На меня навалилось воспоминание о том дне, после которого на спине у меня появилось клеймо…
Преступников клеймят и казнят на тюремной площади, прилюдно. Для толпы это зрелище. Развлечение. Поэтому обычно в дни казней тюремная площадь запружена людьми. И в тот день людей было — яблоку негде упасть.
Меня и других воров, которых клеймили одновременно со мной, заставили подняться на возвышение для казни. Возвышение — это необходимо. Толпе должно быть все хорошо видно, не так ли? Публика здесь была разная, от простого люда до богатых купцов. Иногда заглядывала и знать, но обычно они скрывали себя, чтобы не быть узнанными.
Меня раздели догола. Так было принято. Любой преступник, которого ожидает наказание, должен быть голым, чтобы испытывать стыд, унижение, а если на дворе зима — еще и лютый холод.
Я чувствовала, как сальные взгляды мужчин в толпе, от простолюдинов до торговцев, облизывают мою грудь, скользят по животу ниже. Как липкие, слизкие змеи их взглядов проскальзывают между моих голых ног, несмотря на то, что я отчаянно сжимаю их вместе. Мне стыдно. Мне противно и мерзко. Меня пачкают невидимые пальцы, лапают бесстыдно — я знаю, я вижу в глазах этих мужчин, как они представляют, что трогают меня везде, даже там, где меня еще никто никогда не касался. Но уже в следующий момент мне становится все равно, потому что в спину вонзается раскаленное клеймо — и я больше ничего не вижу, слепну от боли. А сквозь эту боль слышу запах горелого…
Она сказала… унижение?!
Теперь уже трясло меня. Трясло как в лихорадке.
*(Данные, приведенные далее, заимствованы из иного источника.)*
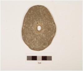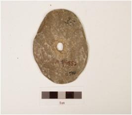 | Description / विवरण | A ring stone circular in shape, uneven edges and perforated at center. |
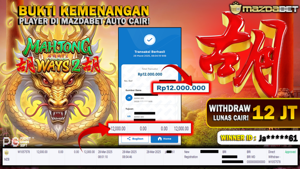 Bukti Kemenangan Dan Withdraw 28 Maret 2025 Di Game Mahjong Ways 2 WD 12 Juta

Я — урожденная де Фракиз. Дочь герцога, которую клеветническое обвинение и вероломный королевский указ лишили семьи, дома и забросили в воровской притон, который стал моим единственным пристанищем. Чтобы выжить — чтобы просто не умереть от голода, — мне пришлось воровать. Уже это было унизительно, и я не сразу смогла переступить через себя. Прошел месяц моего отказничества, пока Тайге не показал мне умершего ребенка в бедном квартале — малыш просто опух от голода. Я не хотела умирать — и Тайге научил меня всему, что должен уметь хороший вор. Но я все равно попалась. Я была плохой воровкой — неумелой и неудачливой. Освоить воровское ремесло хорошо мне не удалось.
И за это я стала клейменной.
Я не смотрела на служанку, но, видя пред мысленным взором ее брезгливо изогнувшийся рот, гадливость в ее глазах, я подумала: «Как ты посмела?». Тяжелой, разъедающей все нутро волной внутри меня поднималась ярость.
«Как ты посмела сказать, что коснуться меня — унижение? После всего, через что я прошла, ты бросаешь такие слова… мне?! Дрянь. Как. Ты. Посмела».
Еще совсем недавно я бы не решилась поднять голову. На дне, когда ты всего лишь пылинка на обочине дороги, тебе даже на ум не приходит, что можно поднять голову, но сейчас… Что-то изменилось во мне. Я знала, почему. Это все он — магистр Грим. Каким-то образом, явившись ко мне в темницу, предложив мне сделку — он как будто дал мне право считать, что я чего-то стою, что я не просто пылинка. И кажется… я ему поверила. Где-то в глубине своего сердца — поверила. Он придал мне сил. Он дал мне веру в себя. Даже если не хотел этого. Даже если это не входило в его планы. Именно его появление в подземелье воров вернуло мне силы снова поверить в себя.